2020-09-20 20:55:42,668	INFO services.py:1193 -- View the Ray dashb

Here is a sample episode. 

> **Note:** This video was created by running the previous `rllib rollout` command with the argument `--video-dir some_directory`. It creates one video per episode.

여기 샘플 에피소드가 있다.

> **Note:** 이 동영상은 이전의 `rllib rollout` 명령을 `--video-dir some_directory`라는 인수로 실행함으로써 만들어졌다. 그것은 회당 하나의 비디오를 만든다.

In [9]:
from IPython.display import Video

cart_pole_sample_video='video/Cart-Pole-Example-Video.mp4'
Video(cart_pole_sample_video)

ValueError: To embed videos, you must pass embed=True (this may make your notebook files huge)
Consider passing Video(url='...')

Finally, launch [TensorBoard](https://ray.readthedocs.io/en/latest/rllib-training.html#getting-started) as discussed in [02 Introduction to RLlib](../02-Introduction-to-RLlib.ipynb). Select the Cart Pole runs and visualize the key metrics from training with RLlib.

```shell
tensorboard --logdir=$HOME/ray_results
```

마지막으로 [02 Introduction to RLlib](../02-Introduction-to-RLlib.ipynb))에서 설명한 대로 [TensorBoard](https://ray.readthedocs.io/en/latest/rllib-training.html#getting-started)를 론칭한다. 카트 폴 실행을 선택하고 RLLIB 교육을 통해 얻은 주요 메트릭을 시각화하십시오.

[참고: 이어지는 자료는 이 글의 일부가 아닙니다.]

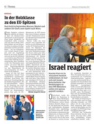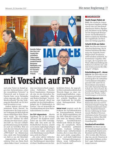 Kanzler Kurz ist in Jerusalem herzlich willkommen. Er traf sich mit Israels Botschafterin. Die Beziehungen zu den FPÖ-Ministern sollen erst genau geprüft werden.

For more examples of working with Gym environments, go through the next lesson, [Bipedal Walker](02-Bipedal-Walker.ipynb), then any of the "extra" lessons:

* [Extras: Application - Mountain Car](extras/Extra-Application-Mountain-Car.ipynb) -- Based on the `MountainCar-v0` environment from OpenAI Gym.
* [Extras: Application - Taxi](extras/Extra-Application-Taxi.ipynb) -- Based on the `Taxi-v3` environment from OpenAI Gym.
* [Extras: Application - Frozen Lake](extras/Extra-Application-Frozen-Lake.ipynb) -- Based on the `FrozenLake-v0` environment from OpenAI Gym.

Use TensorBoard to visualize their training runs, metrics, etc., as well. (These notebooks won't mention this suggestion.)

Gym 환경에서 작업하는 더 많은 예제를 보려면 다음 과정인 [Bipedal Walker](02-Bipedal-Walker.ipynb)에서 "추가" 수업을 수행하십시오.


## Exercise ("Homework")

In addition to _Cart Pole_, _Bipedal Walker_, and _Mountain Car_, there are other so-called ["classic control"](https://gym.openai.com/envs/#classic_control) examples you can try. Make a copy of this notebook and edit as required.

In [10]:
ray.shutdown()  # "Undo ray.init()".